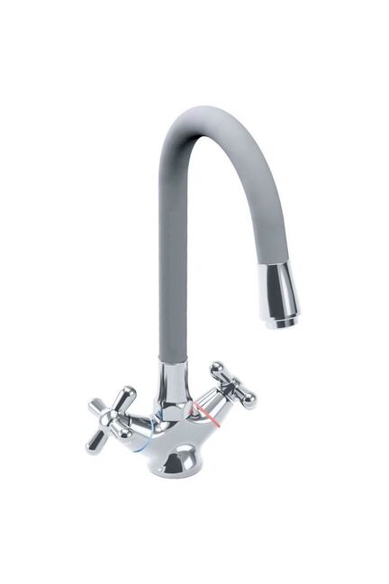 Смеситель д/кухни, SWES EXTRA двуручн., серый силик.излив 2XKEB3 в Солнечный
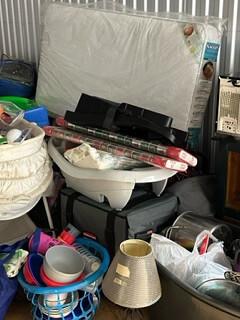 This unit appears to contain…chils mattress, toys, lamp, vaccumm, bassonet, vrious other items and clothing
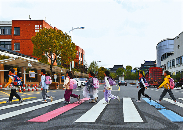 在這兩天的清晨上學(xué)、傍晚放學(xué)時段,記者實(shí)地走訪發(fā)現(xiàn):西江小學(xué)和宋慶齡幼兒園之間的路面鋪設(shè)了色彩鮮明的兒童專用斑馬線,提升識別度與通行安全感;在上述兩所學(xué)校周邊因地制宜開辟了“接送微空間”,設(shè)置休息座、兒童繪畫墻,緩解高峰擁堵的同時營造親子互動氛圍;街區(qū)轉(zhuǎn)角處的導(dǎo)引牌高度適配6—12歲兒童視線,圖文并茂,親切易懂……這些看似“小”的細(xì)節(jié),恰恰是社區(qū)治理智慧的體現(xiàn)。
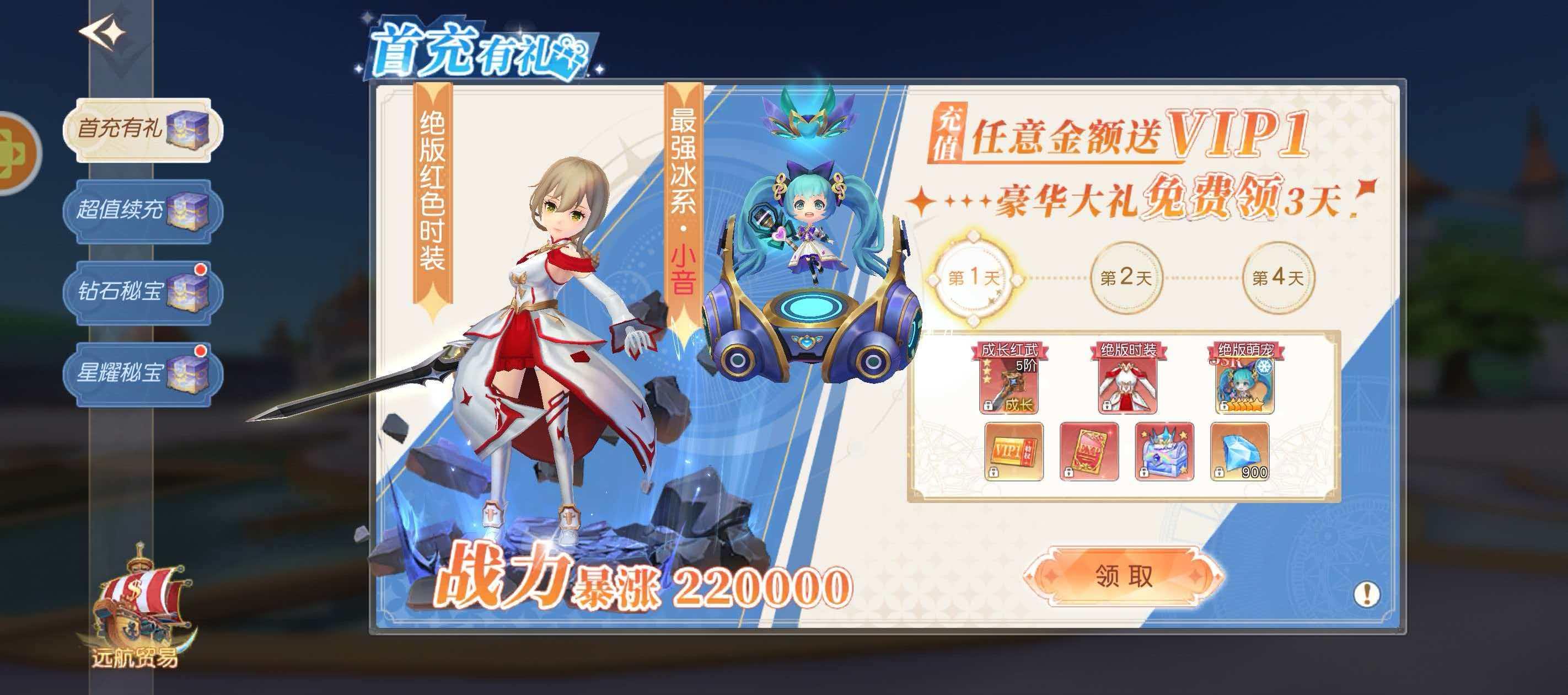 首充是一个福利力度非常高的活动,在首充界面中,玩家只要充值任意的金额就会赠送vip1的特权,还有着能够免费领取3天的豪华大礼包呢,第一天就能够领取到成长型红武和绝版时装萌宠哦。
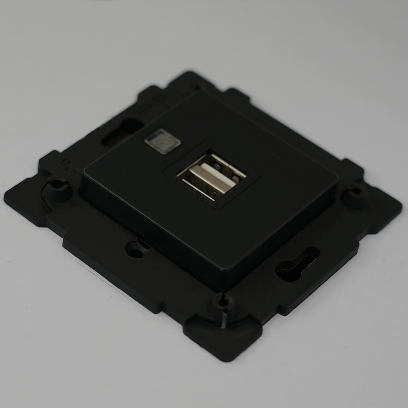 The USB charger serves as a replacement for traditional adapters and is installed as a built-in module within the switch and socket system.
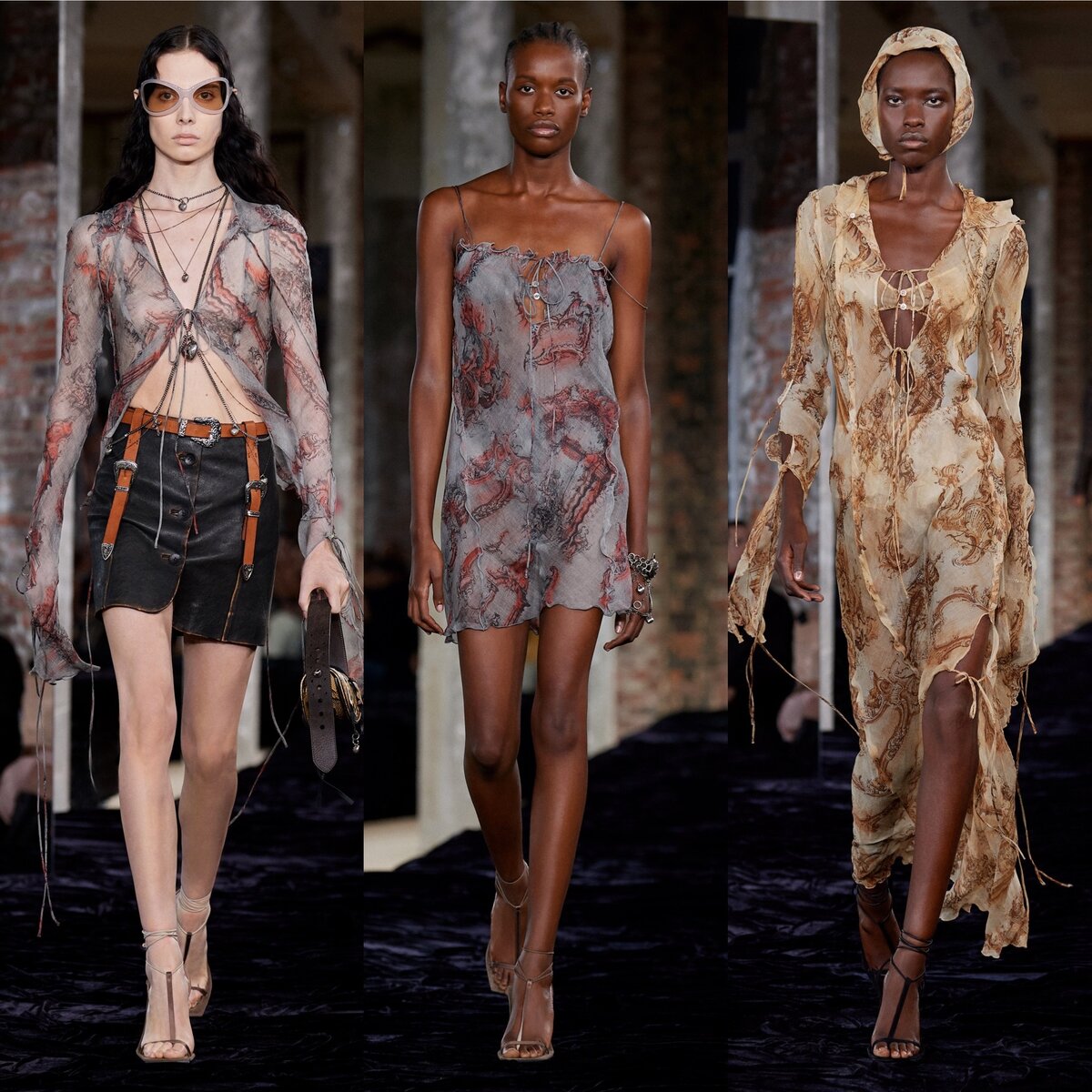 Acne Studios SS’22 RTW, как и большинство коллекций этого сезона, ознаменовала собой окончательный выход из плена такой уютной, но лишенной каких-либо признаков моды, домашней и спортивной одежды. Первые несколько образов дают сразу же понять, что Джонни Йоханссон сделал ставку на бельевой стиль, а значит, 90-е так или иначе себя проявят. Весьма благодатный период для моды, надо сказать. Секси блузочки, шнурочки, мини платьица и юбочки на пуговицах, а также платья-комбинации в сочетании с огромными платформами. Это было безумно круто, кто помнит? Забавно, что прошлая коллекция Йоханссона навевала мысли об одеялах и уютных пледах, в которые хочется срочно укутаться, особенно, осенью. Тогда как нынешняя коллекция скорей предлагает обнажиться по максимуму, но в условиях бельевого стиля, который очень привлекает дизайнера. Проснулась так, одеялко откинула… и уже готова. Удобно. Будуарная тема по понятным причинам выглядит чувственно и сексуально. Подвязки и корсеты, гольфы на шнуровк
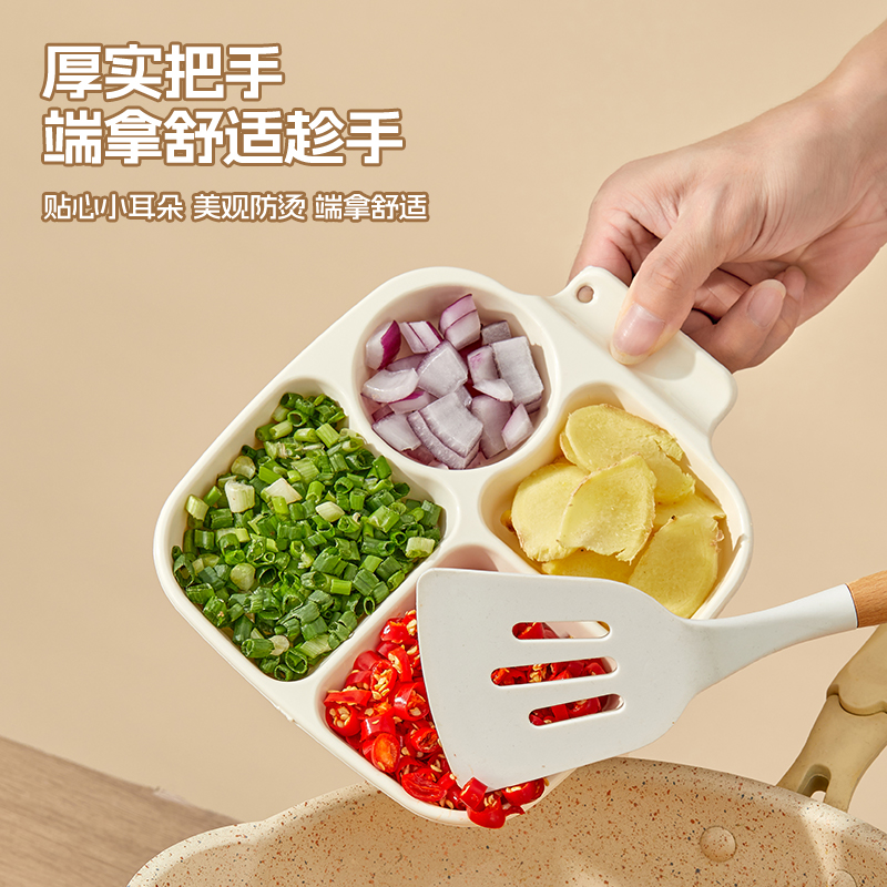 4分割おかず皿、玉ねぎ、生姜、ニンニク、おかず皿、鍋味皿、キッチン収納、調理小物、多目的おかず皿
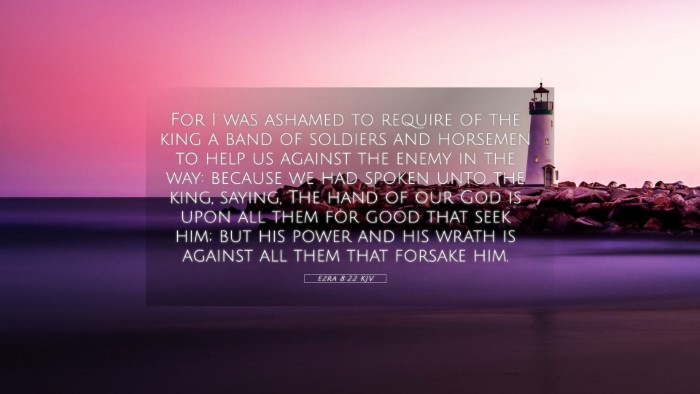 Below, you will find carefully selected verses that echo the themes and teachings related to Ezra 8:22 KJV. Click on any image to explore detailed analyses of related Bible verses and uncover deeper theological insights.
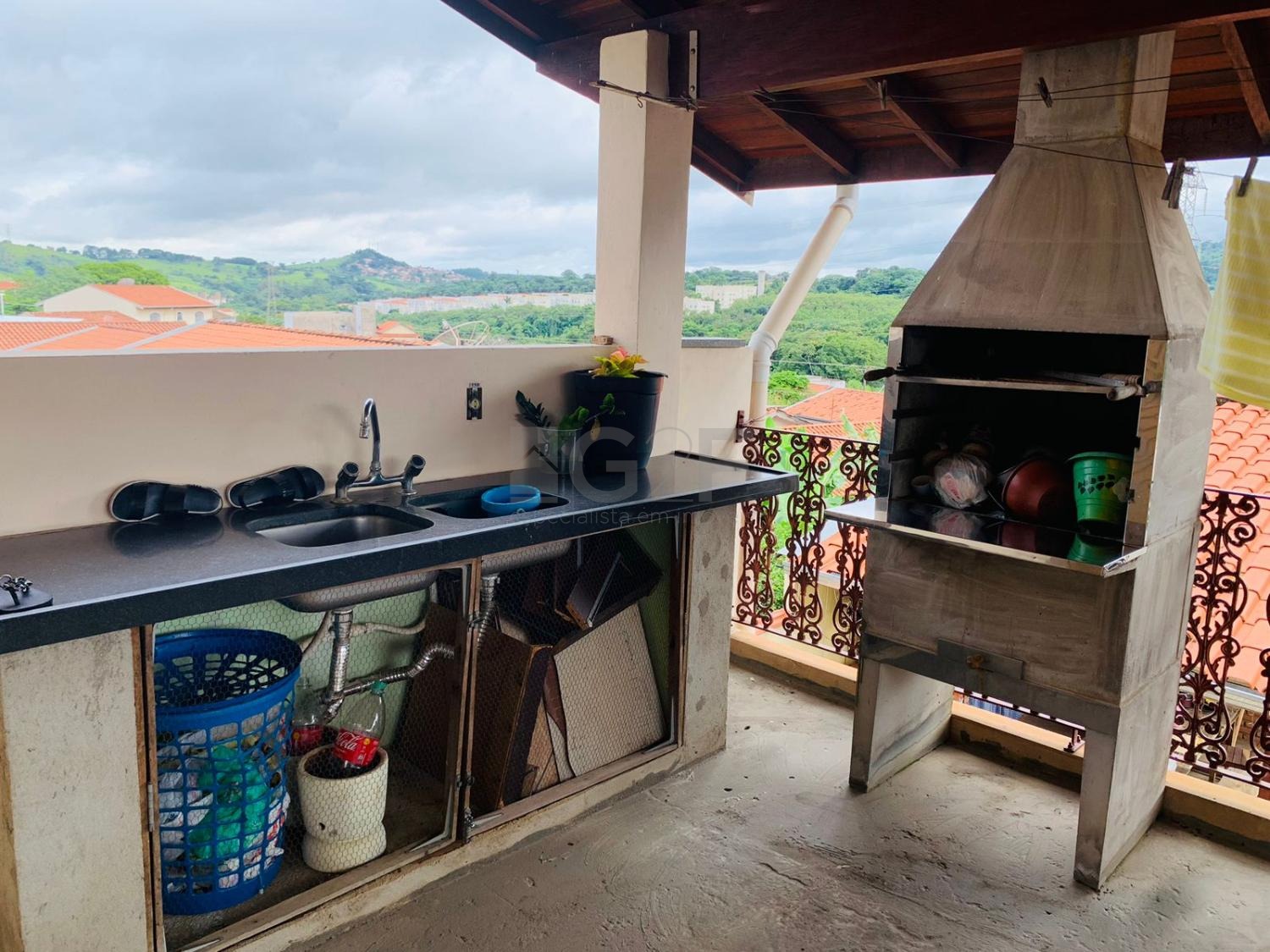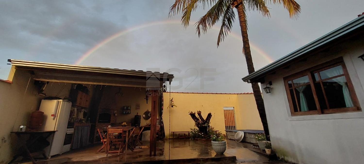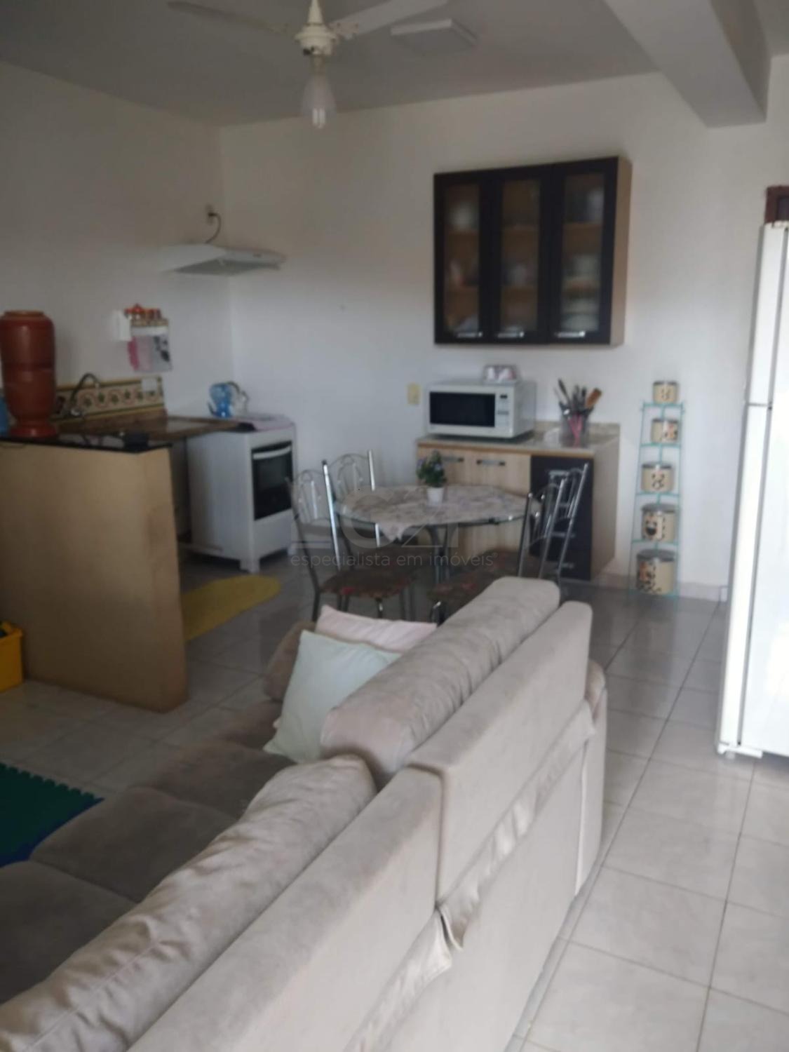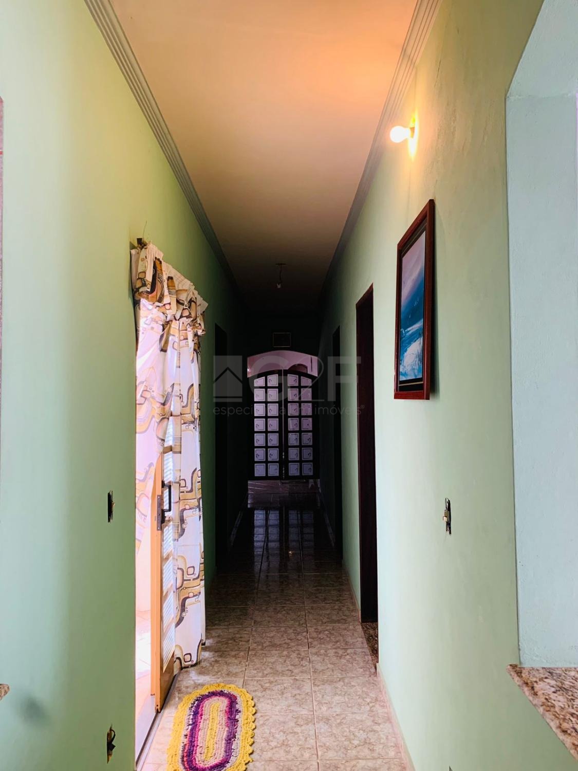 Parte de baixo, 3 quartos, 1 suíte, cozinha tipo americana, banheiro, quintal com 120m², e área gourmet com churrasqueira.

━━━━━━━━━━━━━━━━

● **Aim of the task**: With the pictures omitted, copy the entries above exactly from the line containing "This unit appears" through the line containing "在這兩天的清晨上學(xué)", both lines included.

● **Task answer**:
 This unit appears to contain…chils mattress, toys, lamp, vaccumm, bassonet, vrious other items and clothing
 在這兩天的清晨上學(xué)、傍晚放學(xué)時段,記者實(shí)地走訪發(fā)現(xiàn):西江小學(xué)和宋慶齡幼兒園之間的路面鋪設(shè)了色彩鮮明的兒童專用斑馬線,提升識別度與通行安全感;在上述兩所學(xué)校周邊因地制宜開辟了“接送微空間”,設(shè)置休息座、兒童繪畫墻,緩解高峰擁堵的同時營造親子互動氛圍;街區(qū)轉(zhuǎn)角處的導(dǎo)引牌高度適配6—12歲兒童視線,圖文并茂,親切易懂……這些看似“小”的細(xì)節(jié),恰恰是社區(qū)治理智慧的體現(xiàn)。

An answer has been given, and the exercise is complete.